“Put yourself in a position where you’ll learn something new.”
That’s advice Alex Paterson first heard at Western, and has applied throughout his career, from roles at the CBC and Greenpeace, to his current role as Director of Communications and Operations for Canada 2020.
Paterson, BA’08 (Media and Public Interest), embraced that philosophy early on, serving as President of the Faculty of Information and Media Studies (FIMS) Student Council and coordinator of Theatre Western, and taking an internship at CBC Sports, “which,” he laughed, “if you knew me better, you’d know that’s hilarious.”
Lack of athleticism notwithstanding, he drove to Toronto two days a week in his final year, assuming a variety of duties in sports, including prep work in advance of the Beijing Summer Games, before heading off to Malaysia for a six-month practicum in Kuala Lumpur working at the Centre for Independent Journalism.

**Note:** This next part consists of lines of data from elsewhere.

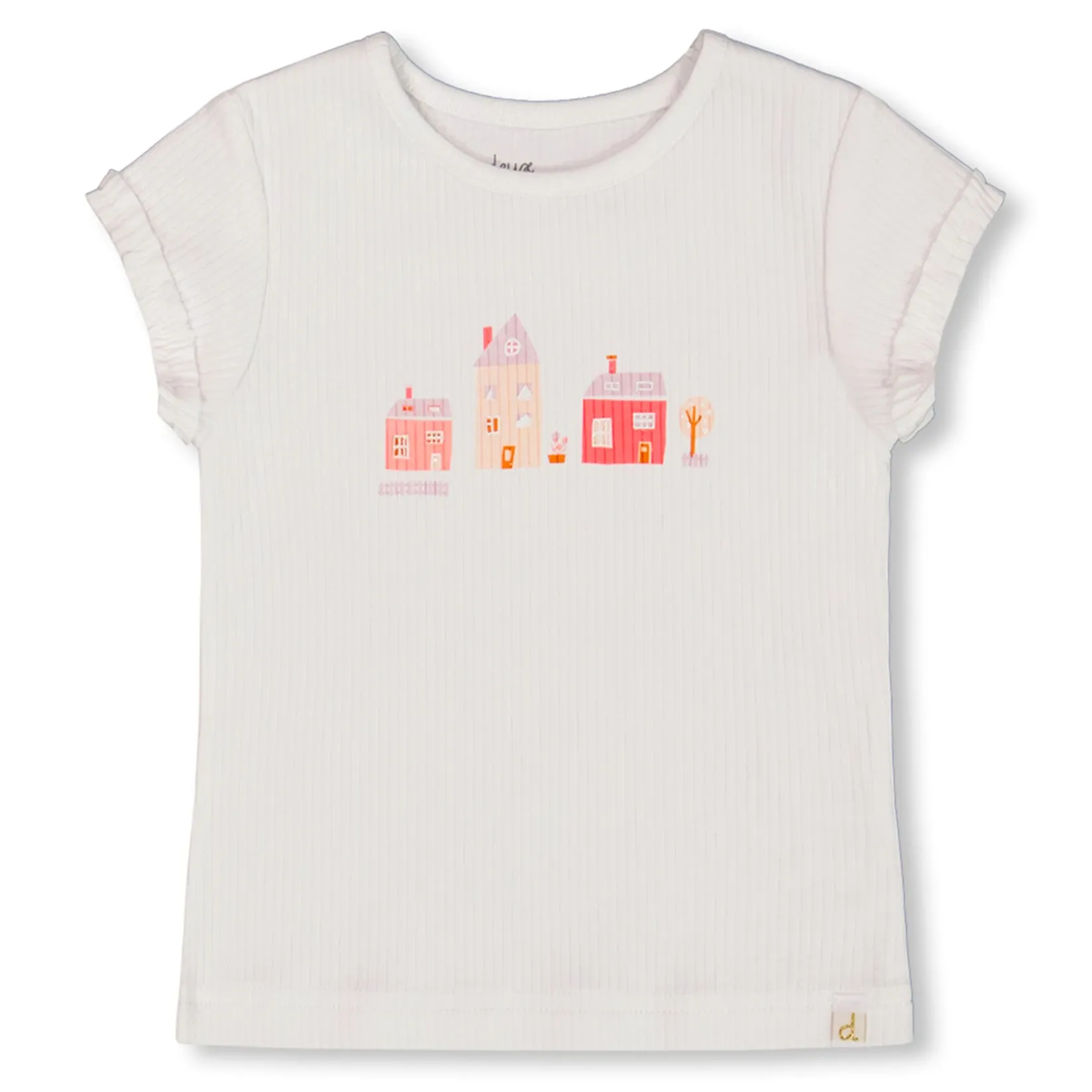 Its vertical ribbing adds subtle texture to our ribbed T-shirt with white print and pink houses. Very soft and comfortable to wear, this versatile t-shirt has a short-sleeved silhouette in stretch cotton with a round neck, gathered elastic sleeves and a house print on the chest. It goes perfectly with any bottom from our “La maison du Bonheur” collection!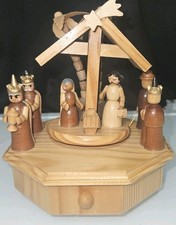 Vintage Erzgebirge Wood Nativity Music Box Hand Carved Motion “Silent Night”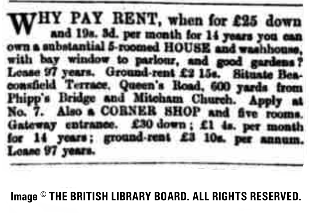 WHY PAY RENT, when for £25 down and 19s. 3d. per month for 14 years you can own a substantial 5-roomed HOUSE and washhouse, with bay window to parlour, and good gardens? Lease 97 years. Ground rent £2 15s. Situate Beaconsfield Terrace, Queen’s Road, 600 yards from Phipps Bridge and Mitcham Church. Apply at No. 7. Also CORNER SHOP and five rooms. Gateway entrance. £30 down; £1 4s. per month for 14 years; ground-rent £3 10s. per annum. Lease 97 years.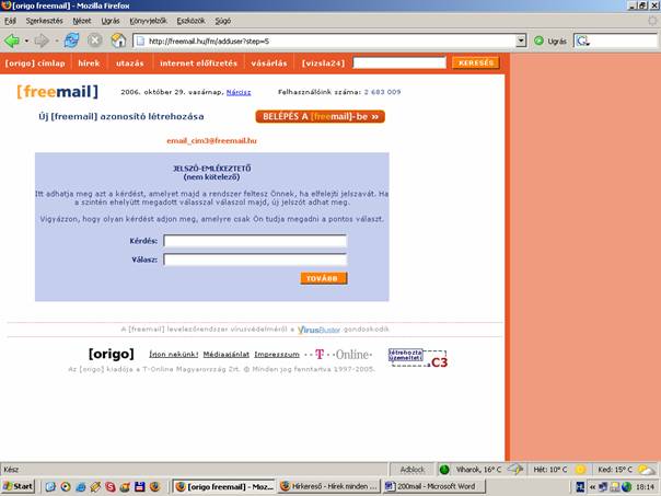 - Ha félsz, hogy elfelejted a jelszavad, akkor megadhatsz egy kérdést, és egy választ amivel a rendszer azonosítani tud, ha elfelejtetted volna a jelszavad.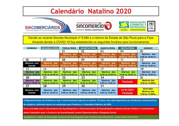 Porém, existe um calendário homologado pelos Sindicatos da Categoria SINCOMERCIÁRIOS e SIMCOMÉRCIO, que deve ser respeitado (Convenção Coletiva).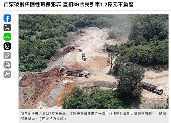 苗栗破獲集團性環保犯罪 查扣39台曳引車1.2億元不動產 - 社會 - 自由時報電子報 https://bit.ly/4fWiEV9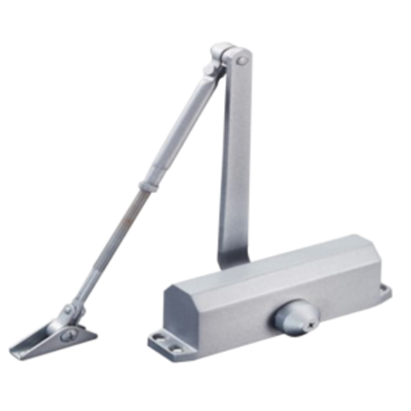 Brazo hidráulico para puertas de 75-100Kg. Controla el cierre suave y automático de la puerta, prolongando su vida útil y mejorando la seguridad.
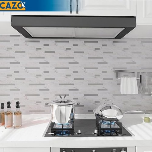 WOWSTAR 10-Sheet Peel and Stick Tiles, Marble Look Kitchen Backsplash Tiles, 12″x12″ (Gray Marble)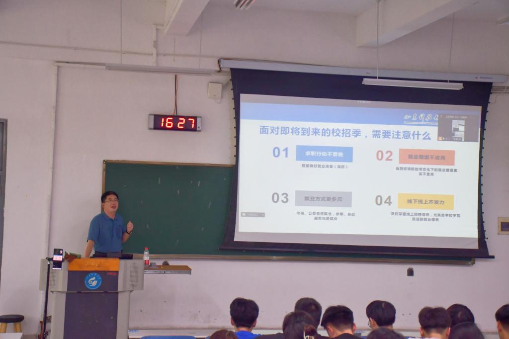 李勇以学院近三年就业数据分析作为切入点,全面介绍了毕业生入职单位性质分布、深造高校目录、考研上岸情况、考研动机调查情况以及重点院校招生情况,深入分析了学历就业率、专业就业率、目前就业市场形势、近五年研究生报考趋势,数学、政治、英语历年平均分等,引导毕业生们明确发展目标、清晰自身定位,树立正确的择业观、就业观。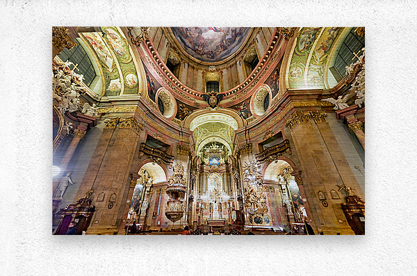 Visitors admire the opulent Baroque interior of St. Peters Church Peterskirche in Vienna Austria a masterpiece of religious art.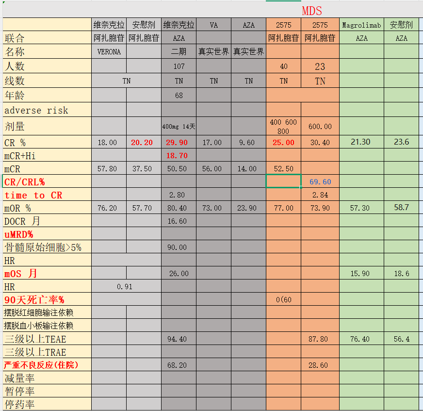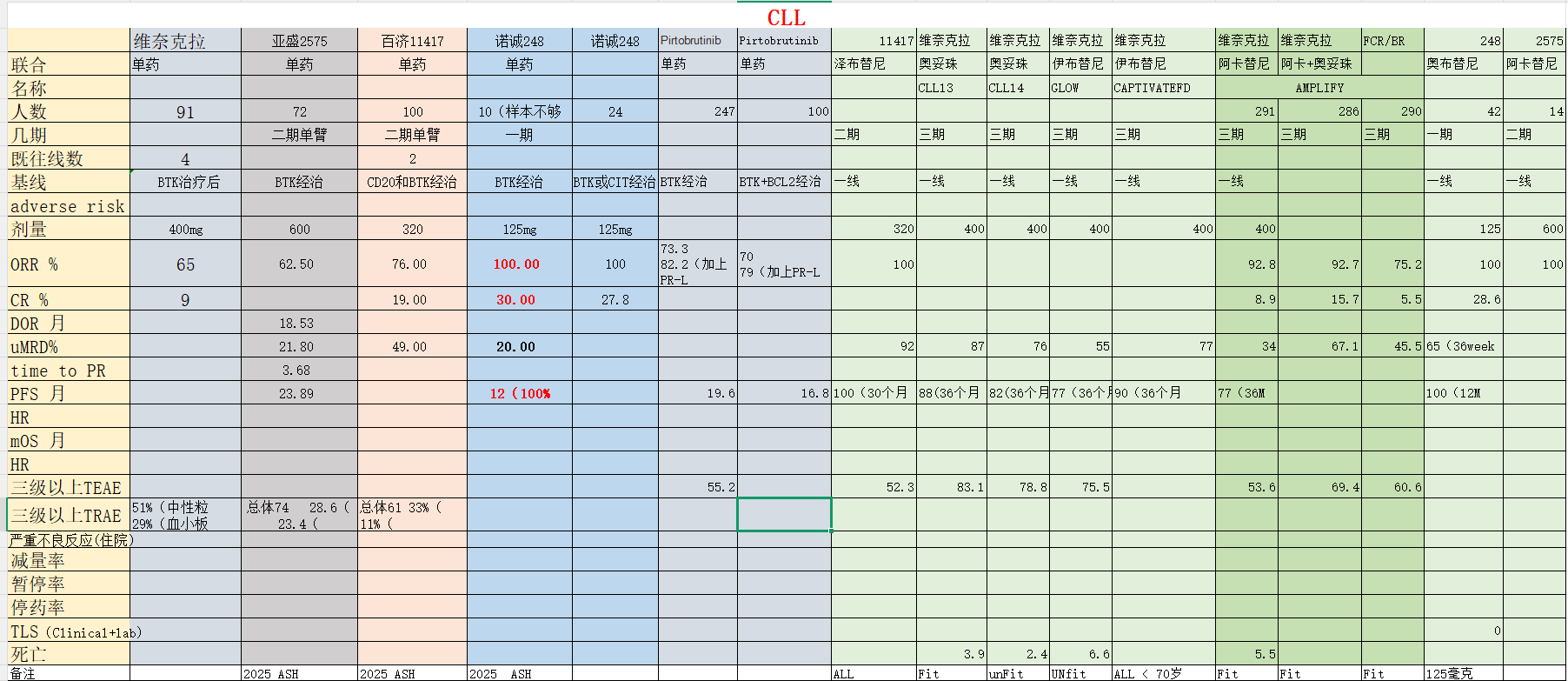 大俊最怕的就是拿2575比较疗效数据,因为临床前的分子就不行,临床的数据确实也证明了这一点。AML最好的数据是诺诚的248(CR+CRi率判断),MDS还不好判断,MCL最好的数据是诺诚的248(PFS和ORR判断,全球CDE第一个突破性疗法认证),CLL最好的是百济的11417+泽布替尼(固定疗程的uMRD阴性率和PFS)。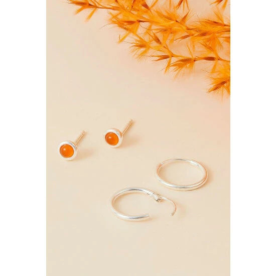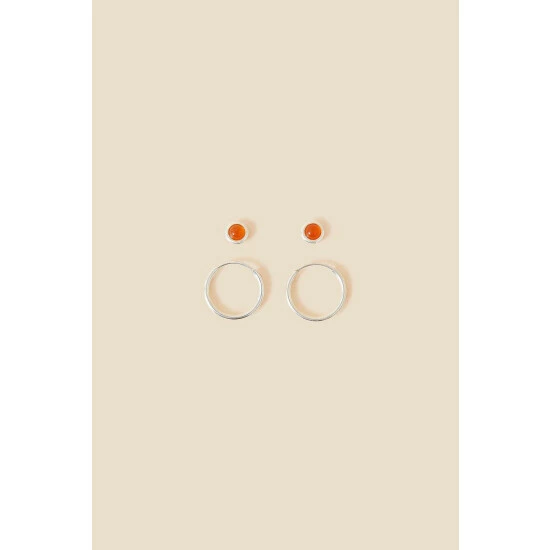 A stud and a hoop is all you need, so opt for this earring set for a pop of colour and spirituality in your every day accessories. The hoops feature an infinity closure, whilst the stud earrings feature carnelian stones, helping with motivation and energy.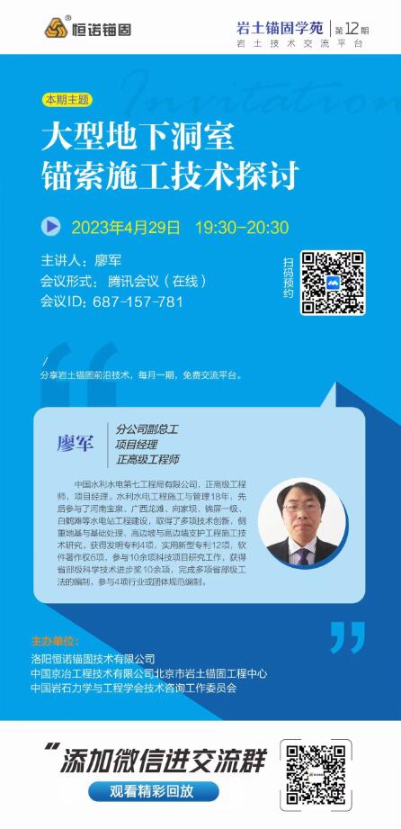 巖土錨固學(xué)苑將于2024年3月23日(周六)19:30-20:30舉辦第12期,本期主題:大型地下洞室錨索施工技術(shù)探討,歡迎廣大巖土錨固領(lǐng)域愛好者參與交流。

“That was never a part of the world where I expected to spend an extended period of time,” he said.
“It was a very ‘state-controlled’ media environment. We often forget that having a blog back in 2008 was seen as ‘infantile’ in the West, and more like a personal diary, but in Malaysia, having a blog was a vital tool for activists or community groups to get around the mainstream media, and get their stories out.”
The experience “gave me a real insight into how important it is for interest groups, or just communities, to tell their own stories,” Paterson said, “and how technology and digital media can enable people to do that.”
Echoes of that experience would ring out in the roles to come, but first, it was back to the CBC.
“When I was back from Malaysia, I gave them a call, and I ended up being a 21-year-old kid working in the CBC Newsworld newsroom as a producer for the weekend news broadcast.
“I was having severe imposter syndrome throughout that whole experience,” he said, “but it was really great. I was working in the public media, which was something I strongly believed in, having studied a lot about it during my time in FIMS. It was like a ‘crash course’ in the basic tenets of broadcast journalism.
“Then they turned me into a field producer, and I was covering a lot of protests out in the field, and through that, got more involved and in touch with activist communities and advocacy groups. It was from there that Greenpeace Canada found me.”
As hard as it was to leave the CBC, Paterson felt “it was one of those things that just made sense. My degree was in covering and studying the intersection between digital technologies, communication strategies and advocacy and social change. To be a communications and digital strategist for Greenpeace; if ever there was a job tailor-made for a MPI graduate, that was it.”
From touring the Alberta oilsands to working on the Greenpeace Oceans and Boreal Forest campaigns and issues for the G8 and G20 summits, Paterson found himself “again, in a ‘crash course, at a time when environmental issues were at the top of the fold.”
As he learned more about strategies to mobilize an activist public, he came to realize he “didn’t know a lot of the ‘nitty gritty’ about the issues” he was campaigning on.
“I became increasingly interested in not just what the environmental community wanted, but about the systems they were looking to change. I wanted to know things like, how does Canada price its carbon and how our system of government works. I realized I wasn’t ‘smart enough,’ so back to school I went.”
Pursuing his graduate degree in public policy and administration took him to Ottawa, where he volunteered for Justin Trudeau’s digital campaign team in 2015, and where for the past seven years he’s worked for Canada 2020, a leading, progressive think tank.
“It’s a really interesting perch from which to see political Ottawa,” Paterson said. “We’re not in government; we’re not public-sector. There’s no mandate for our organization other than we think it’s important Canada has an engaging, public debate about policy.”
Last fall, Paterson served as event director when Canada 2020 brought President Barack Obama to Toronto.
“That was the highlight of my professional career, full stop. We had 3,000 people out to see him at the Toronto Convention Centre. It was not only getting to meet him, but working with his team, putting on a complex event, thinking through the logistics of it, and having it go off successfully.”
For that visit, Canada 2020 partnered with Pathways Education, an organization aimed at helping youth in low-income communities finish high school and successfully transition into postsecondary education.
“We set up a surprise opportunity for the Pathways students to meet and hear from President Obama and get some pictures,” Paterson said. “Watching him walk into the room where the kids had no idea – it was a goose bump moment.”
His next big project is rebranding Canada 2020, “because, let’s face it, in a year and half, we’re kind of screwed,” he laughed. When the think tank was founded in 2006, the premise of its name was based on asking, ‘What kind of Canada do we want to have by the year 2020?’ ‘Where do we want to be on the environment, health or trade?’
He finds the rebranding “a fun challenge and a good opportunity to review what we do, what we want to do more of, and how can that be reflected in how we talk about ourselves publicly. You get into a whole conversation about your online prescience, your online brand, and online assets.
“It’s a nice use of the skills I have picked up over the years – from the digital work I did at Western, the public conversation and media work I did at CBC, and, having to recognize our organization is an NGO, an understanding I gained from my time at Greenpeace. It’s knowing, too, that we work politically, and thinking about it in the context of how we position ourselves in the array of political brands in Canada.”